= Informal logic =

Branch of logic

Argument terminology used in logic

Informal logic encompasses the principles of logic and logical thought outside of a formal setting (characterized by the usage of particular statements). However, the precise definition of "informal logic" is a matter of some dispute. Ralph H. Johnson and J. Anthony Blair define informal logic as "a branch of logic whose task is to develop non-formal standards, criteria, procedures for the analysis, interpretation, evaluation, criticism and construction of argumentation." This definition reflects what had been implicit in their practice and what others were doing in their informal logic texts.

Informal logic is associated with informal fallacies, critical thinking, the thinking skills movement and the interdisciplinary inquiry known as argumentation theory. Frans H. van Eemeren writes that the label "informal logic" covers a "collection of normative approaches to the study of reasoning in ordinary language that remain closer to the practice of argumentation than formal logic."

== History ==
Informal logic as a distinct enterprise under this name emerged roughly in the mid-20th century as a sub-field of philosophy.
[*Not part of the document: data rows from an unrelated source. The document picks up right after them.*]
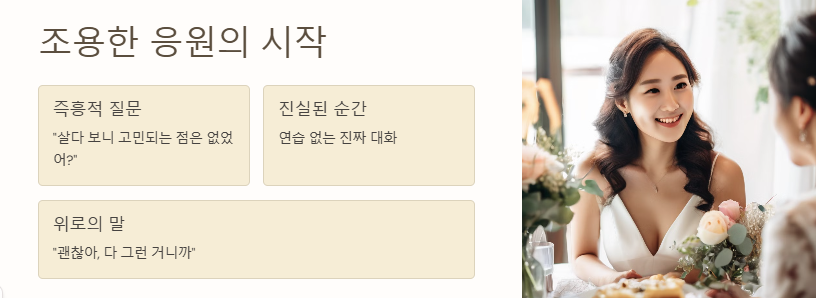 브라이덜 샤워 도중, 이다해는 조용히 물었다. “살다 보니 고민되는 점은 없었어?” 그 질문은 어떤 연습도 없는 즉흥적인 대화였지만, 오히려 그래서 진짜였다. 은가은은 긴 침묵 끝에 고개를 끄덕였다. 이다해는 미소를 지으며 “괜찮아, 다 그런 거니까. 나도 그랬어”라고 말했다. 이 짧은 문장은 결혼을 준비하는 예비 신부들의 마음을 어루만지기에 충분했다.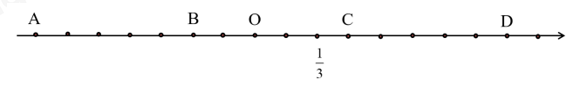 Điểm B nằm bên trái gốc O và cách gốc O một khoảng bằng \(\dfrac{1}{3}\) nên điểm B biểu diễn số hữu tỉ \(\dfrac{{ - 1}}{3}\).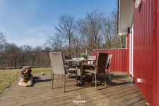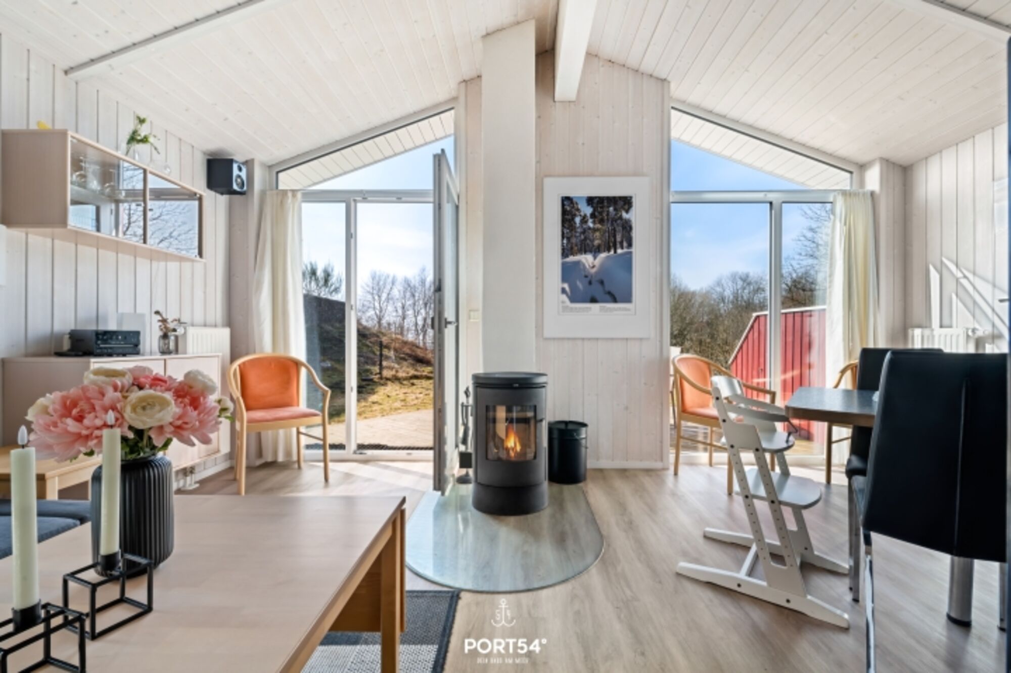 Der offene Wohnbereich ist das Herz des Hauses. Eine gemütliche Couch, rustikale Holzelemente und ein Holzofenkamin sorgen für eine behagliche Atmosphäre, die zum Entspannen einlädt. Große Fenster lassen viel Tageslicht herein und bieten einen malerischen Blick auf die umliegende Natur. Zur Unterhaltung stehen ein Flachbild-TV und eine Musikanlage bereit.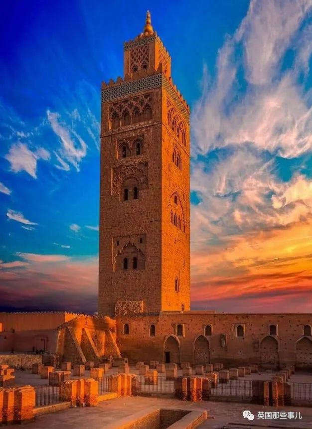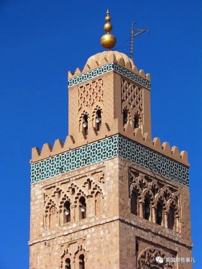 摩洛哥马拉喀什市库图比亚清真寺,是该市的地标和象征,始建于1147年,宣礼塔高77米,上面有很多独特的拱形结构。
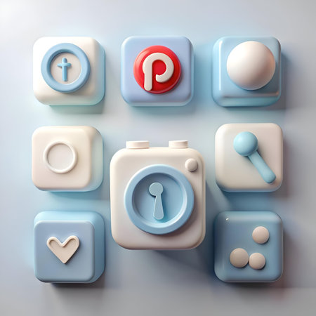 Colorful, 3D social media logos arranged on a blue background, ideal for marketing and advertising agencies.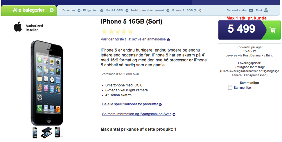 Elektronikkæden Elgiganten har på sin webshop offentliggjort priserne på den nye iPhone 5, og står priserne her til troende, kommer en iPhone 5 til at koste 5.499 kroner for 16 GB-versionen.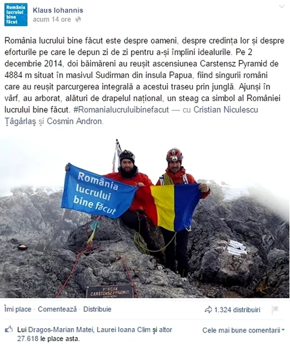 „România lucrului bine făcut” a urcat la 4.884 de metri, în Papua, Indonezia. Klaus Iohannis a publicat această fotografie pe pagina sa de Facebook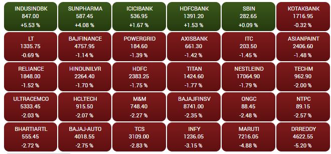 Only four stocks - IndusInd Bank, Sun Pharma, ICICI Bank and HDFC Bank - could manage to end in the green in the Sensex index.... Read More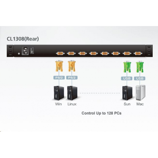 - možnost připojit počítače po USB i PS/2 (řeší se kabely)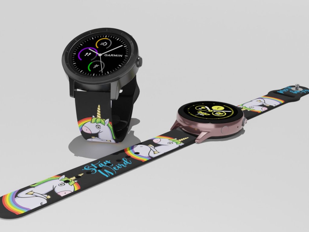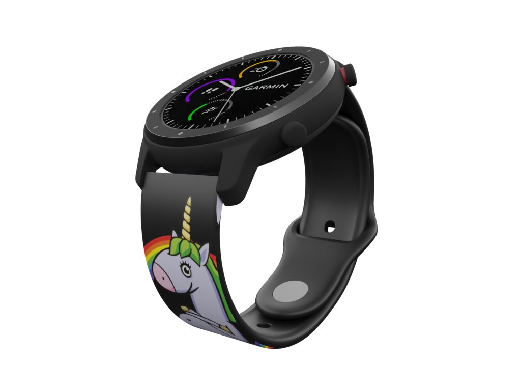 Černý náhradní řemínek pro chytré hodinky s potiskem "roztomilých" jednorožců s duhou

The naming of the field was accompanied by the appearance of a number of textbooks that rejected the symbolic approach to logic on pedagogical grounds as inappropriate and unhelpful for introductory textbooks on logic for a general audience, for example Howard Kahane's Logic and Contemporary Rhetoric, subtitled "The Use of Reason in Everyday Life", first published in 1971. Kahane's textbook was described on the notice of his death in the Proceedings And Addresses of the American Philosophical Association (2002) as "a text in informal logic, [that] was intended to enable students to cope with the misleading rhetoric one frequently finds in the media and in political discourse. It was organized around a discussion of fallacies, and was meant to be a practical instrument for dealing with the problems of everyday life. [It has] ... gone through many editions; [it is] ... still in print; and the thousands upon thousands of students who have taken courses in which his text [was] ... used can thank Howard for contributing to their ability to dissect arguments and avoid the deceptions of deceitful rhetoric. He tried to put into practice the ideal of discourse that aims at truth rather than merely at persuasion. (Hausman et al. 2002)" Other textbooks from the era taking this approach were Michael Scriven's Reasoning (Edgepress, 1976) and Logical Self-Defense by Ralph Johnson and J. Anthony Blair, first published in 1977. Earlier precursors in this tradition can be considered Monroe Beardsley's Practical Logic (1950) and Stephen Toulmin's The Uses of Argument (1958).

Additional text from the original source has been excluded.